Non-blocking I/O with regular files

Every now and them, I hear some programmer complain that a given piece of code uses blocking I/O. The claim is typically that blocking I/O damages the responsiveness of applications, especially if it has a user interface. Hence, solely non-blocking I/O should be used, along with polling (poll() or select()) or an event handling framework (glib, Qt, etc).

I can sympathize with the goal of improving applications responsiveness. But that is not an excuse for mixing up blocking with sleeping. Blocking is just one of several ways to sleep. In particular, non-blocking operations can sleep. Indeed turning non-blocking mode on for a file descriptor will not prevent sleeping in all possible cases, but only one (or two) of them - depending how you count.

Blocking mode refers to one specific and well-defined sort of sleep: waiting until a file descriptor can be written to or read from. What that precisely means depends on the type of the underlying file.

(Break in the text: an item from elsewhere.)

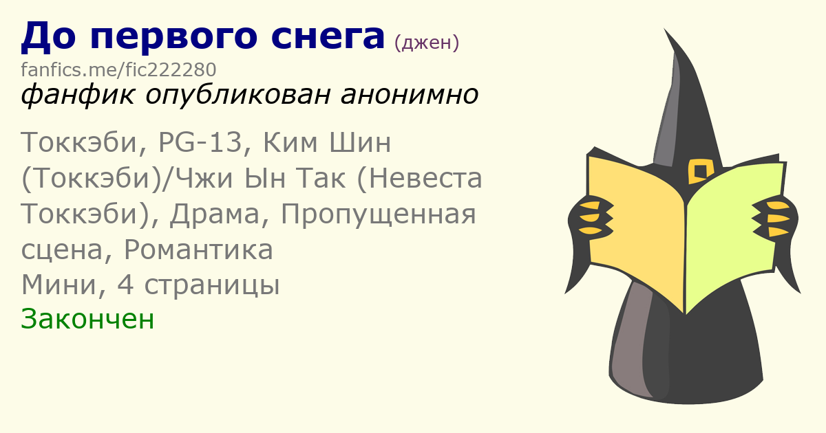 | AnfisaScas Не знаю что вы представляли во время написания вашей истории, дорогой автор, но мне увиделся такой мир, почти как в фильме "Мулан", но окутанный черной дымкой. А потом поле и снег. Красиво. Я не представляла, я смотрела конкретную серию из фильма, вернее, конкретную сцену конкретной серии.Очень символичный, выразительный финал получился и предфинальные сцены с дарением. Сцены дарения были и трогательными на самом деле и забавными, с юмором. Там вообще весь сериал пропитан одновременно трагичной романтикой и специфическим юмором.Если честно, до последнего ждала какого-нибудь чуда, но когда его не случилось была скорее даже рада, чем огорченна. Могу огорчить, в каноне чудо случилось, но сразу после того финала, на котором остановилась я. Мне захотелось другого настроения и завершенности.Спасибо, что прочитали. | |

Reading from a regular file might take a long time. For instance, if it is located on a busy disk, the I/O scheduler might take so much time that the user will notice that the application is frozen.

Nevertheless, non-blocking mode will not fix it. It will simply not work. Checking a file for readability or writeability always succeeds immediately. If the system needs time to perform the I/O operation, it will put the task in non-interruptible sleep from the read or write system call. In other words, if you can assume that a file descriptor refers to a regular file, do not waste your time (or worse, other people's time) in implementing non-blocking I/O.

The only safe way to read data from or write data to a regular file while not blocking a task... consists of not performing the operation - not in that particular task anyway. Concretely, you need to create a separate thread (or process), or use asynchronous I/O (functions whose name starts with aio_). Whether you like it or not, and even if you think multiple threads suck, there are no other options.

An alternative, of course, involves reading small chunks of data at once, and handling other events in-between. Then again, even reading a single byte can take a long time, if said byte was not read ahead by the operating system.